*** Opening Information provided ***

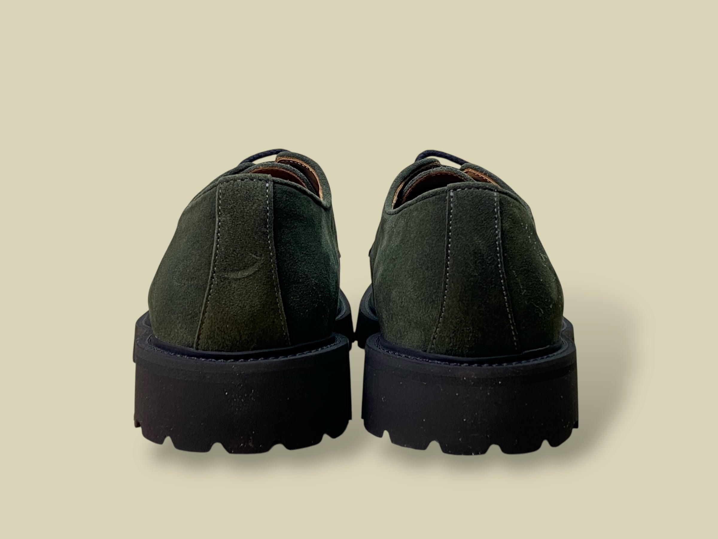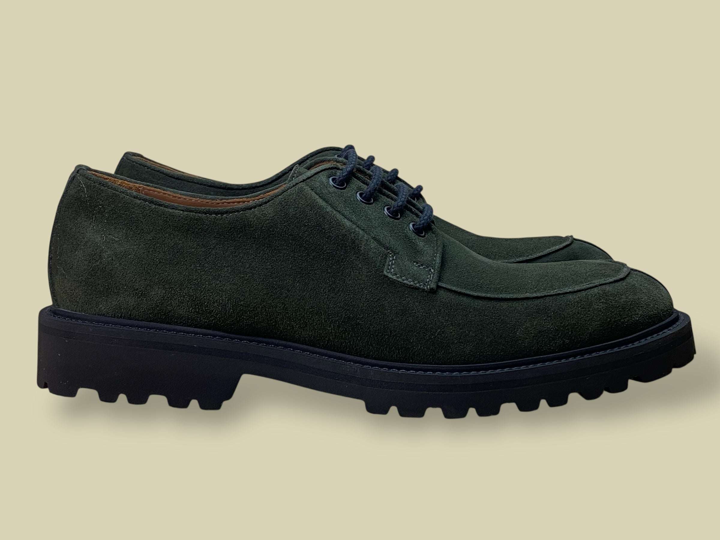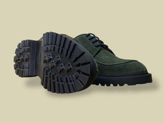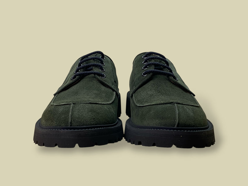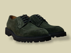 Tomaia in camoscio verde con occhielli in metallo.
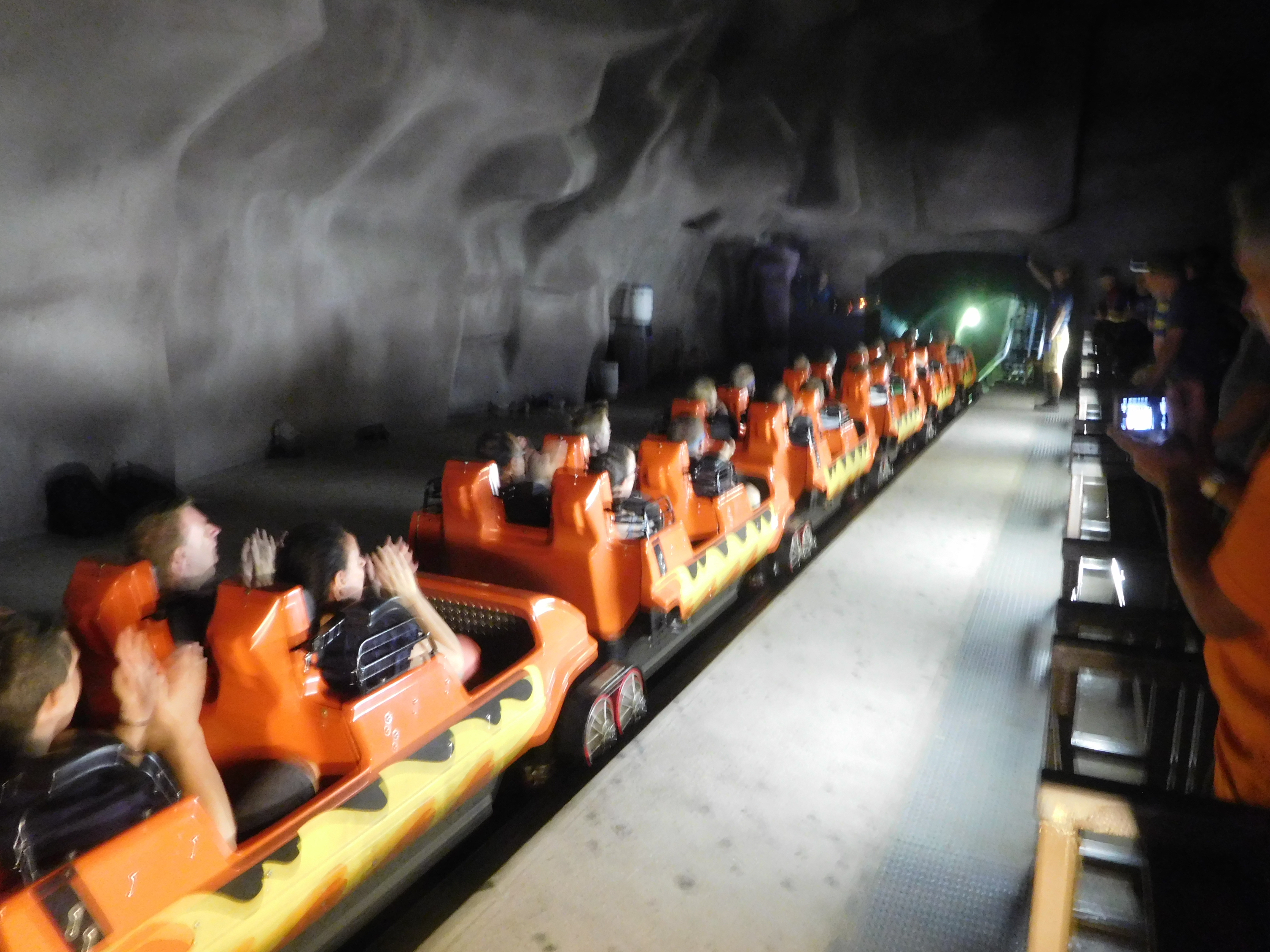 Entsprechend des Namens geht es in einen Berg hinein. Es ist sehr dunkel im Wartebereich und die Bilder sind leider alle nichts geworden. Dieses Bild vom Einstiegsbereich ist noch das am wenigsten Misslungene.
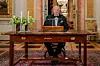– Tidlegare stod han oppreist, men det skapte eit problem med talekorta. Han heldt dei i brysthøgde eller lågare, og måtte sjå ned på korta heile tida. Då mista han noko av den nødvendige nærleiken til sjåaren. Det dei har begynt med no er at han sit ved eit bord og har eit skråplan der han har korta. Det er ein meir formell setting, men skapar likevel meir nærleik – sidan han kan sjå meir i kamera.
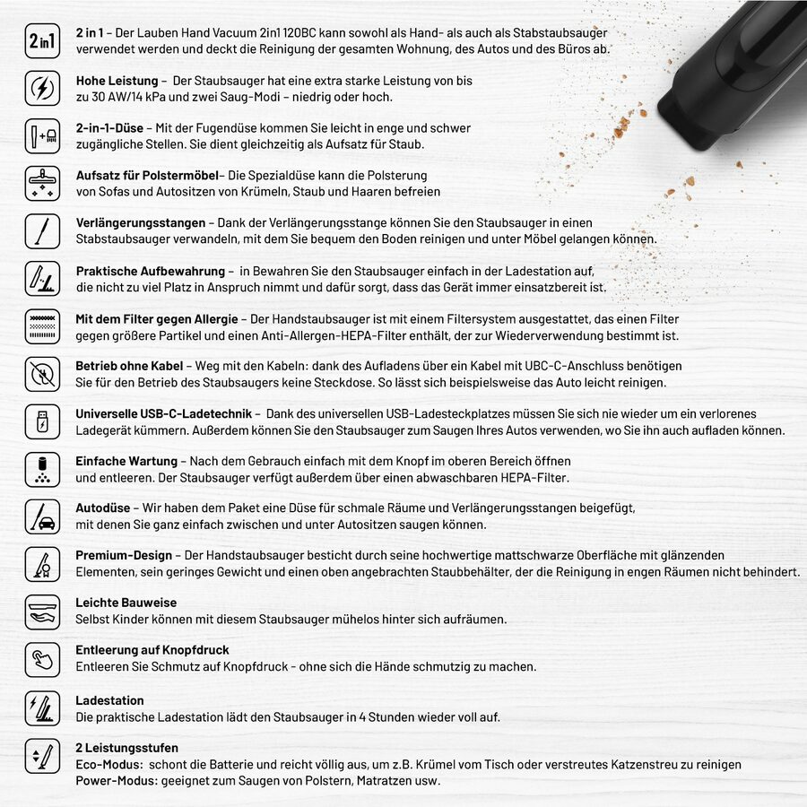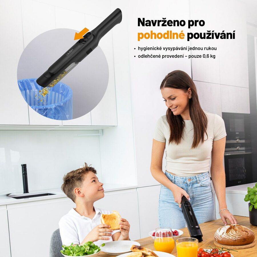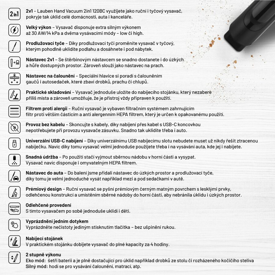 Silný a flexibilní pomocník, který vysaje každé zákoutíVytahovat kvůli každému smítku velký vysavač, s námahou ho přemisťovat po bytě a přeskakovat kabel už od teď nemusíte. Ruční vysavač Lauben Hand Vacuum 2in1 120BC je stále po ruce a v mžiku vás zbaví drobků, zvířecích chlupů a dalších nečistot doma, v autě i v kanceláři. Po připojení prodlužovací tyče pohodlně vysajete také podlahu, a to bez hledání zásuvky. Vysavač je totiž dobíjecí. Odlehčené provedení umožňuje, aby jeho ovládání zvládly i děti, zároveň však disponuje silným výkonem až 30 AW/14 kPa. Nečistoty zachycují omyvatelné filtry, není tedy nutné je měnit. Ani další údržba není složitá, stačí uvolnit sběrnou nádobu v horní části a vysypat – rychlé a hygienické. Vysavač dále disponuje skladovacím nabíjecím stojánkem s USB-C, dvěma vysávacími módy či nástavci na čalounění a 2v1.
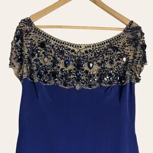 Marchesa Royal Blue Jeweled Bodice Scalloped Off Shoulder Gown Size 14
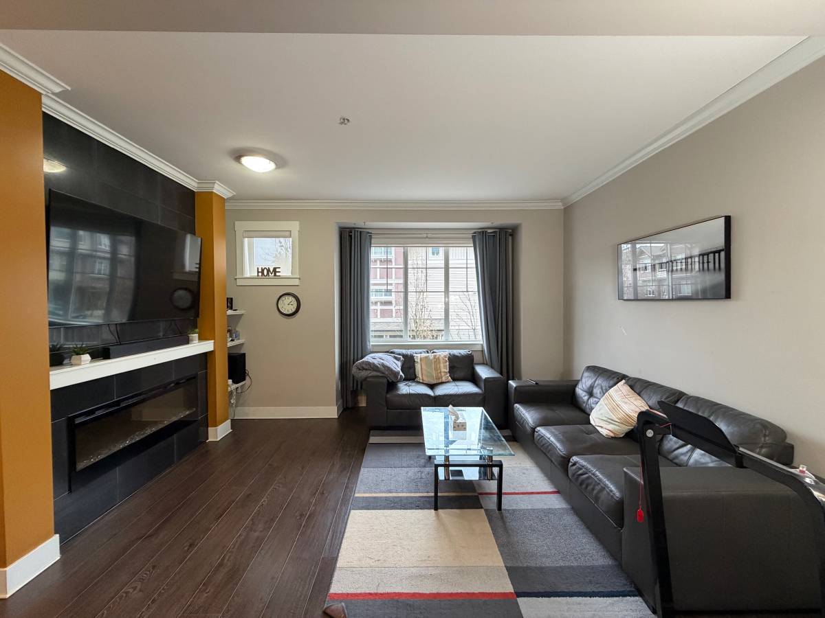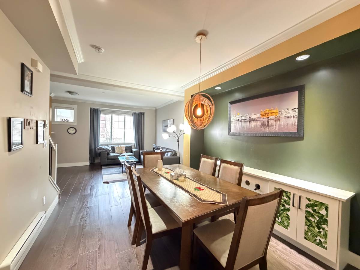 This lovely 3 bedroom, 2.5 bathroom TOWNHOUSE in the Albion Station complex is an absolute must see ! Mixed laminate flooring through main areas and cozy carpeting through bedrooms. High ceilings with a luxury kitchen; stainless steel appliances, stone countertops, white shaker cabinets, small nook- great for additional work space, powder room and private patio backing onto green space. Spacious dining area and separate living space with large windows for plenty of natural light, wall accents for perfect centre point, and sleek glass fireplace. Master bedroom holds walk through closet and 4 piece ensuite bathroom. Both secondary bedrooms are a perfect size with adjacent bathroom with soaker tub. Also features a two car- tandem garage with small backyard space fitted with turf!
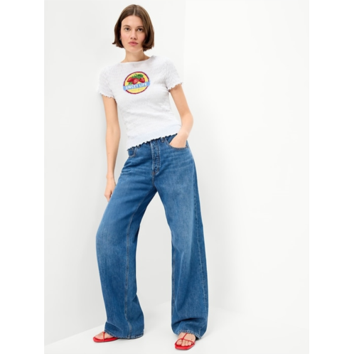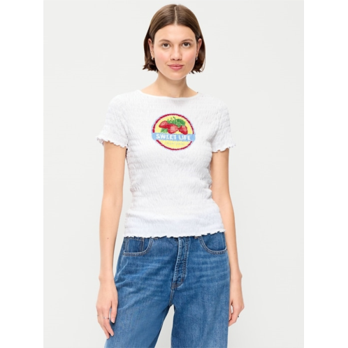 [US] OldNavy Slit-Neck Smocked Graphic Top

*** Closing Information provided ***

• Brief: Output the records exactly, please. The pictures are not part of the copy.

• Solution to this problem:
 Tomaia in camoscio verde con occhielli in metallo.
 Entsprechend des Namens geht es in einen Berg hinein. Es ist sehr dunkel im Wartebereich und die Bilder sind leider alle nichts geworden. Dieses Bild vom Einstiegsbereich ist noch das am wenigsten Misslungene.
– Tidlegare stod han oppreist, men det skapte eit problem med talekorta. Han heldt dei i brysthøgde eller lågare, og måtte sjå ned på korta heile tida. Då mista han noko av den nødvendige nærleiken til sjåaren. Det dei har begynt med no er at han sit ved eit bord og har eit skråplan der han har korta. Det er ein meir formell setting, men skapar likevel meir nærleik – sidan han kan sjå meir i kamera.
 Silný a flexibilní pomocník, který vysaje každé zákoutíVytahovat kvůli každému smítku velký vysavač, s námahou ho přemisťovat po bytě a přeskakovat kabel už od teď nemusíte. Ruční vysavač Lauben Hand Vacuum 2in1 120BC je stále po ruce a v mžiku vás zbaví drobků, zvířecích chlupů a dalších nečistot doma, v autě i v kanceláři. Po připojení prodlužovací tyče pohodlně vysajete také podlahu, a to bez hledání zásuvky. Vysavač je totiž dobíjecí. Odlehčené provedení umožňuje, aby jeho ovládání zvládly i děti, zároveň však disponuje silným výkonem až 30 AW/14 kPa. Nečistoty zachycují omyvatelné filtry, není tedy nutné je měnit. Ani další údržba není složitá, stačí uvolnit sběrnou nádobu v horní části a vysypat – rychlé a hygienické. Vysavač dále disponuje skladovacím nabíjecím stojánkem s USB-C, dvěma vysávacími módy či nástavci na čalounění a 2v1.
 Marchesa Royal Blue Jeweled Bodice Scalloped Off Shoulder Gown Size 14
 This lovely 3 bedroom, 2.5 bathroom TOWNHOUSE in the Albion Station complex is an absolute must see ! Mixed laminate flooring through main areas and cozy carpeting through bedrooms. High ceilings with a luxury kitchen; stainless steel appliances, stone countertops, white shaker cabinets, small nook- great for additional work space, powder room and private patio backing onto green space. Spacious dining area and separate living space with large windows for plenty of natural light, wall accents for perfect centre point, and sleek glass fireplace. Master bedroom holds walk through closet and 4 piece ensuite bathroom. Both secondary bedrooms are a perfect size with adjacent bathroom with soaker tub. Also features a two car- tandem garage with small backyard space fitted with turf!
 [US] OldNavy Slit-Neck Smocked Graphic Top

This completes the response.